In its
article about the contentious issue of civilians-to-combatants killed in Gaza,
the New York Times lists the current death toll as 1,865—including
429 children and 243 women.
Similar statistics have come from NPR, BBC, the Washington Post, the Palestinian Center for Human Rights, ABC, and a particularly gender-focused post from NDTV, leading more than a few frustrated observers to ask: what about the men? Why does one pregnant woman get an article to herself, when over a thousand grown men are left anonymous? Do women's and children's lives matter more than men's? The obvious
answer, as per Israel's justification for the attacks, is that any adult male
Palestinian could be a member of Hamas, so his killing is more okay. The NYT
article further clarifies: men between the ages of 20 and 29 are most likely to
be militants, so gender is relevant. Any man could be a terrorist. He could
also be an innocent civilian, but this is Gaza. Killing thousands of innocent
people is a risk worth taking. If you kill enough people, they will stop
attacking you (see also: Six-Day War, Yom Kippur War, First Intifada, Second Intifada, every conflict in human history. Love cannot
drive out hate, only genocide can do that). We'll save "how to create
world peace" for another post. Back to gender.
Gaza is a
particularly polarizing example because Israel's claims of targeting militants
have been met with so much doubt and anger, but reporting of deaths
"including women and children" is not new to anyone, and it is a
problem. Men are stronger, men are built for war, men are… more able to
withstand drone attacks and car bombs? Or just more deserving? Men are
overrepresented in armed forces around the world for various reasons:
legislation mandating armed service for men or forbidding it for women, reports
of sexual harassment, cultural stigmas against "tough" women, and
beliefs that masculinity and violence are inherently connected, among others.

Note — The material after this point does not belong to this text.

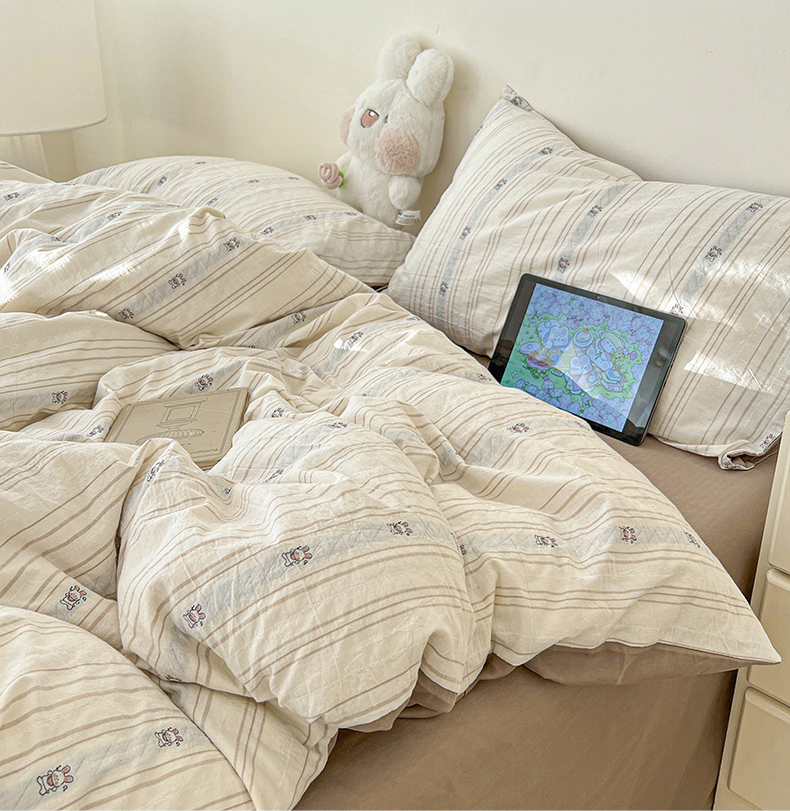 爱丽丝 2026新款全棉剪花色织提花四件套 可爱兔-咖

This is a men's issue, but it's also a women's issue. It is unacceptable that
men's deaths are understood to be more morally okay than those of women, and it
is also unacceptable that women's role in war is often reduced to that of the
innocent victim.
What role do women
have in war and armed conflict, beyond adding sympathy to reporting? That
varies by context. In conflicts such as those in
Liberia,
Lebanon, and northern Uganda,
women have been kidnapped and forced to fight against their will. In conflicts
around the world, women have been taken as prostitutes due to demand by male
soldiers or lack of other options, from Japan's "comfort women" in
World War II to the Civil War in Sierra Leone
to a current increase in prostitution within Syrian refugee camps. Similarly, domestic violence increases in times of war.
In some cases, war brings increased regulation of women's dress and lifestyles
under the guise of religious devotion, such as in a recent commission by ISIS of women to regulate the lives of other women.

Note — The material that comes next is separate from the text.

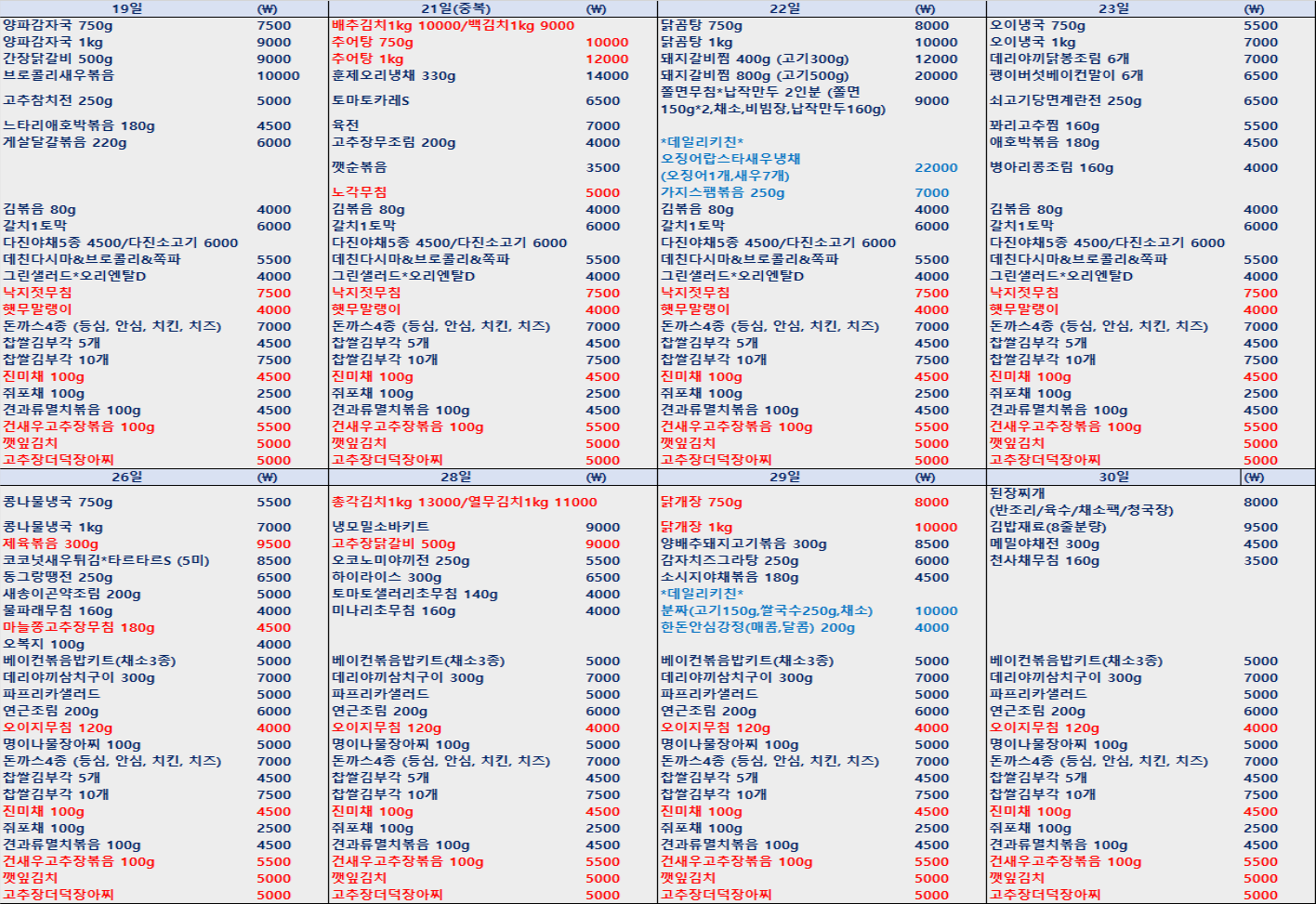안녕하세요? 영양사님이 심혈을 기울인 식단이 나왔습니다 ㅎ 사실 한달안에 저희 스타일과 가능한 작업을 다 파악하긴 힘들거라 기존식단과 크게 벗어난것은 아직 많지 않습니다만 점차 다양해질 것입니다. 다음달 식단은 가격이 약간씩 인상되는 부분이 있습니다 조만간 용기를 다 바꿀 예정이고 공산품 가격이 오른지 오래라.. 재료비40%까지 버티다가 이달은 조금 인상하였습니다. 저희는 모든 돼지고기.닭고기를 국산 냉장으로 사용합니다 채소류도 거의 국산이에용 스페인산이나 수입, 냉동계육을 쓰면 단가가 많이 줄어들지만 원하시는게 뭔지 고민하다 재료에의 신뢰가 큰 부분이시라 단가를 낮추려 수입을 쓰지 않습니다. 타 반찬가게보다 비싼 감이 있더라도 이점 감안해주셨음 좋겠습니다 ㅎ ㅜ.ㅠ 또 6월에 한시적으로 20000 배송을 했는데 주문액은 감소하고 주문량은 늘어서 배송비지출이 커지게되어.. 부득이 다시 22000 으로 조정합니다 부디 많은 양해 부탁드립니다 하절기는 나물류. 상하기쉬운 국 종류는 최소화했습니다 생고기류 음식은 조리로 보내드릴 예정입니다 다음달부터 돈까스류 4종과 밑반찬류는 상시판매합니다 까스류를 좀 색다르게 시도해볼 예정이구요 까스류 양은 기존처럼 300g 입니다. 하절기라 조리상태로 나갑니다 그리고 매주 목요일 데일리키친이라는 메뉴가 있어요 가평에서 데일리키친을 운영하시는 동생인데 목요일은 이쪽으로 와서 그가게 대표반찬 두가지씩을 해줄 예정입니다 식재료나 위생등 저보다 훨씬 엄격한 분이라.. ㅎ 퀄리티는 믿어도 좋을듯 합니다 다음달도 선결제 20 이상 부대찌개 제공해드립니다 휴가기간은 7.31~8.7 입니다 휴가기간은 더 많은것들을 변화시킬 예정입니다 감사합니다 ^^ ![]() ![]() |

The commission, of course, was appointed by men. Just over a week ago I went to
a presentation by CARE Austria, who worked with CARE in Nepal, Burundi, and
Uganda to study women in post-conflict areas. A Nepal-specific issue was that
while many women did fight in Nepal's decade-long conflict, many other women
stayed home while their husbands fought and died. In a region where the
practice of sati, in which widows are burned at their husbands' funeral pyres,
is still practiced often despite being illegal, the influx of Nepali widows
meant that thousands more women dealt with this stigma (the full report can be
found here).
And, of course, women sometimes want to fight. This last point is worth noting:
while men's deaths are underreported even when they have no interest in a
conflict, women who choose to fight may be imagined as victims of forced combat
because no woman would choose that. This denies agency from two genders: for
women the agency to choose to fight, for men, the agency not to.
I have just finished Chimamanda Ngozi Adichie's fantastic novel Half of a Yellow Sun, set during the Nigerian Civil War of 1967-1970. While fictional, it does not shy away from (spoiler alert) topics such as gang rape, the impacts of war on families, and heightened gender roles as young men are kidnapped to be soldiers women are left at home to handle any and all domestic burdens. Isabelle Allende's incredible House of the Spirits deals with similar issues, and there may be something to it: while journalists can document the number and genders of people killed in an attack with relative ease, they are less likely to learn about increased domestic violence, gang rape, or gender-based violence within armed forces until later. Adichie and Allende have hindsight and historical research to their advantage, and they use it well.
So are both women and men underrepresented in headlines about armed conflict? Perhaps misrepresented is a better word. Both of their contributions--intentional or not--are ignored or misunderstood to an incredible scale. Pointing out mainly the women and children who are victims of campaigns that kill all genders and all ages both posits women as victims and posits men's lives as less valuable, their deaths less significant. On-the-ground war reporting cannot possibly give us all the information in real time: the domestic violence, forced prostitution, widows shunned by their communities, and other stigmatized issues that happen behind closed doors. It also cannot give us a profile of every man killed, though it would do well to stop placing women in a special category of inherent nonviolence. However, we as readers can look with a critical eye at what is going on and who it is affecting, knowing that the story may be told very differently in the future.